March 29, 2026 8 min readBy Codelit Team Discussion

AI-Powered Search Architecture#

Traditional keyword search breaks when users describe what they want instead of typing exact terms. AI-powered search understands meaning, not just matches. This guide covers the architecture patterns for building modern search systems.

The Search Evolution#

Search Generations:

  Gen 1: Keyword Match
    "running shoes" → matches documents containing "running" AND "shoes"

  Gen 2: Keyword + Relevance Scoring
    TF-IDF, BM25 → ranks by term frequency and importance

  Gen 3: Semantic Search
    "comfortable shoes for jogging" → matches "lightweight running sneakers"

  Gen 4: Hybrid Search + AI
    Combines keyword precision with semantic understanding + reranking

Most production systems today need Gen 4. Pure keyword search misses intent. Pure semantic search misses exact matches. Hybrid search gives you both.

Semantic Search#

Semantic search converts queries and documents into vector embeddings, then finds documents whose vectors are closest to the query vector.

How It Works#

Indexing:
  Document → Embedding Model → Vector [0.12, -0.45, 0.78, ...] → Vector Index

Query:
  Query → Embedding Model → Vector [0.11, -0.42, 0.80, ...]
    → Nearest Neighbor Search
    → Top-K Results

Embedding Models#

Model	Dimensions	Best For
OpenAI text-embedding-3-small	1536	General purpose
OpenAI text-embedding-3-large	3072	High accuracy
Cohere embed-v3	1024	Multilingual
BGE / GTE (open source)	768-1024	Self-hosted
Sentence Transformers	384-768	Lightweight

Chunking Strategy#

Documents must be split into chunks before embedding. Chunk size directly impacts search quality.

Chunking Approaches:

  Fixed size: Split every 512 tokens (simple but breaks context)
  Sentence: Split on sentence boundaries (preserves meaning)
  Paragraph: Split on paragraph boundaries (preserves topic)
  Semantic: Split when topic shifts (best quality, highest cost)
  Hierarchical: Multiple chunk sizes, search across all levels

Best practice: 256-512 tokens per chunk with 50-100 token overlap between chunks.

Distance Metrics#

Cosine similarity: Most common, works well for normalized embeddings
Dot product: Faster, works when magnitude matters
Euclidean distance: Useful when absolute position in vector space matters

Hybrid Search#

Hybrid search combines keyword search (BM25) with semantic search (vectors) to get the best of both approaches.

Why Hybrid Wins#

Query: "error code 0x80070005"

  Keyword search: Exact match on error code → High precision
  Semantic search: Might miss the exact code → Lower precision

Query: "my app crashes when I try to save files"

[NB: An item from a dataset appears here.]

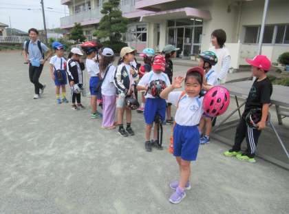 3年生が、かぶら自動車教習所へ「自転車安全教室」に出かけました。一人一人自分のヘルメットを持っています。みんなが「合格証」をもらえますように。
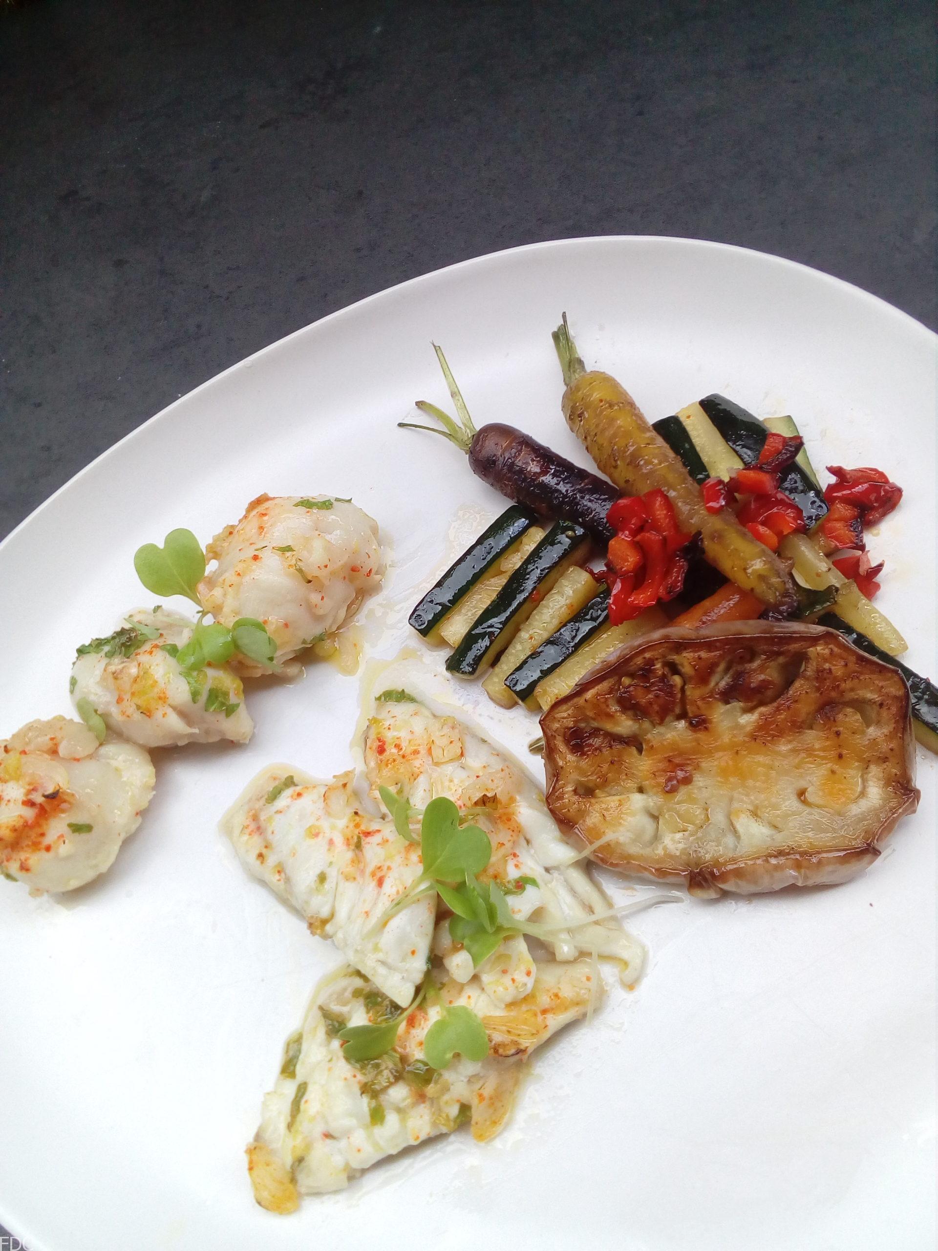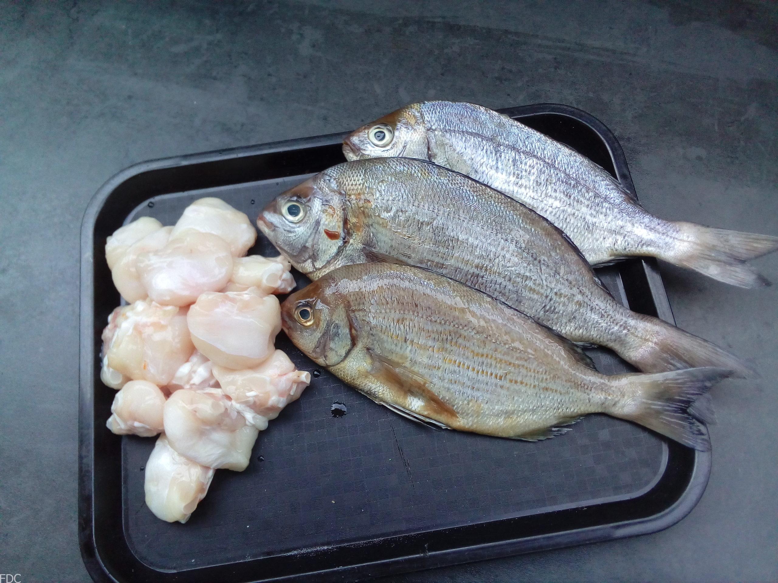 Ma recette est réalisée avec deux poissons, de la joue de raie et des filets de dorades de Normandie. Poissons que j’achète en direct à un pêcheur qui mont chaque weekend sur Paris. Fraîcheur incroyable.

  Keyword search: Matches "crash" and "save" → Misses related docs
  Semantic search: Understands intent → Finds "file write permission error"

Hybrid: Gets both right.

Fusion Strategies#

Combining scores from keyword and semantic search requires a fusion strategy.

Fusion Methods:

  1. Linear combination:
     score = alpha * bm25_score + (1 - alpha) * vector_score
     (alpha typically 0.3-0.7, tune on your data)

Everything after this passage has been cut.